*** Source material Section Begins ***
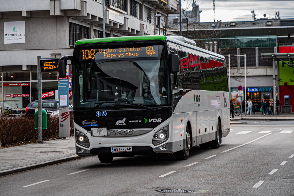 21.2.2024: Einer von Obergers Iveco Evadys (WB 479 GR) verlässt hier als Wieselbus 108 den St. Pöltner Hauptbahnhof in richtung Baden bei Wien
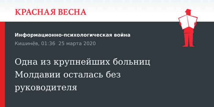 Напомним, на 24 марта в Молдавии было выявлено 125 случаев заражения коронавирусом. В больницах с подозрением на заражение находятся 105 человек. Власти задействуют армию для мероприятий по противодействию распространению коронавируса.
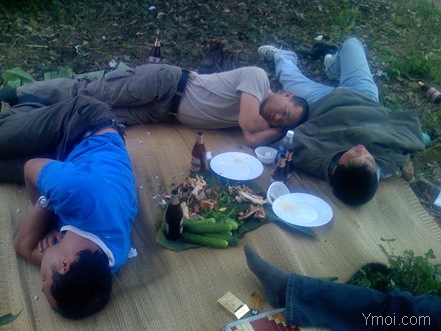 Chiến trường la liệt những lon đã hết được rải khắp phòng, mùi bia xông lên nồng nặc, trên bàn ngổn ngang thức ăn thừa và cả bia thừa nữa. Số còn lại quyết định đi uống tiếp. Vừa bước ra cửa, một anh bạn của tôi nôn thốc nôn tháo ngay trước mặt mọi người, tôi nhìn thấy chợt tỉnh cả người và quyết định đi về.
*** Source material Section Ends ***
Everything from the opening line of the data through the line with "Напомним, на 24" should be repeated exactly; leave the pictures out.

 21.2.2024: Einer von Obergers Iveco Evadys (WB 479 GR) verlässt hier als Wieselbus 108 den St. Pöltner Hauptbahnhof in richtung Baden bei Wien
 Напомним, на 24 марта в Молдавии было выявлено 125 случаев заражения коронавирусом. В больницах с подозрением на заражение находятся 105 человек. Власти задействуют армию для мероприятий по противодействию распространению коронавируса.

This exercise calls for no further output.